» **Activity**: Line by line, output the data that follows exactly as written.

» **Listed entries**:
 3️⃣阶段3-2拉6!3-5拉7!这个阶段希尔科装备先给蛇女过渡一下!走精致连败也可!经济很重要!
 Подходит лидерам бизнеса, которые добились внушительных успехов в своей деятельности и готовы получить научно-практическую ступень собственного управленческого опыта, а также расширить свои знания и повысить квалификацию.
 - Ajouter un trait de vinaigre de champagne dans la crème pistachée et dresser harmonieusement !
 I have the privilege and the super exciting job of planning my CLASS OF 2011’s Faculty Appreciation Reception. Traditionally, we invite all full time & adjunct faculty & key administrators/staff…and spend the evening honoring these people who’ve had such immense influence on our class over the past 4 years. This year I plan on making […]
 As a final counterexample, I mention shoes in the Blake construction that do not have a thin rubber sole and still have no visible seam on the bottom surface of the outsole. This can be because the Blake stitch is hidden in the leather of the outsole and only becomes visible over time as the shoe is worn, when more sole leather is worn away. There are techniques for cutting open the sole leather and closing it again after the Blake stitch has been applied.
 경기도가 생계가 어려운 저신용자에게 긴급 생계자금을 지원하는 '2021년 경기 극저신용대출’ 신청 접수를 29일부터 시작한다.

» **Your response**:
 3️⃣阶段3-2拉6!3-5拉7!这个阶段希尔科装备先给蛇女过渡一下!走精致连败也可!经济很重要!
 Подходит лидерам бизнеса, которые добились внушительных успехов в своей деятельности и готовы получить научно-практическую ступень собственного управленческого опыта, а также расширить свои знания и повысить квалификацию.
 - Ajouter un trait de vinaigre de champagne dans la crème pistachée et dresser harmonieusement !
 I have the privilege and the super exciting job of planning my CLASS OF 2011’s Faculty Appreciation Reception. Traditionally, we invite all full time & adjunct faculty & key administrators/staff…and spend the evening honoring these people who’ve had such immense influence on our class over the past 4 years. This year I plan on making […]
 As a final counterexample, I mention shoes in the Blake construction that do not have a thin rubber sole and still have no visible seam on the bottom surface of the outsole. This can be because the Blake stitch is hidden in the leather of the outsole and only becomes visible over time as the shoe is worn, when more sole leather is worn away. There are techniques for cutting open the sole leather and closing it again after the Blake stitch has been applied.
 경기도가 생계가 어려운 저신용자에게 긴급 생계자금을 지원하는 '2021년 경기 극저신용대출’ 신청 접수를 29일부터 시작한다.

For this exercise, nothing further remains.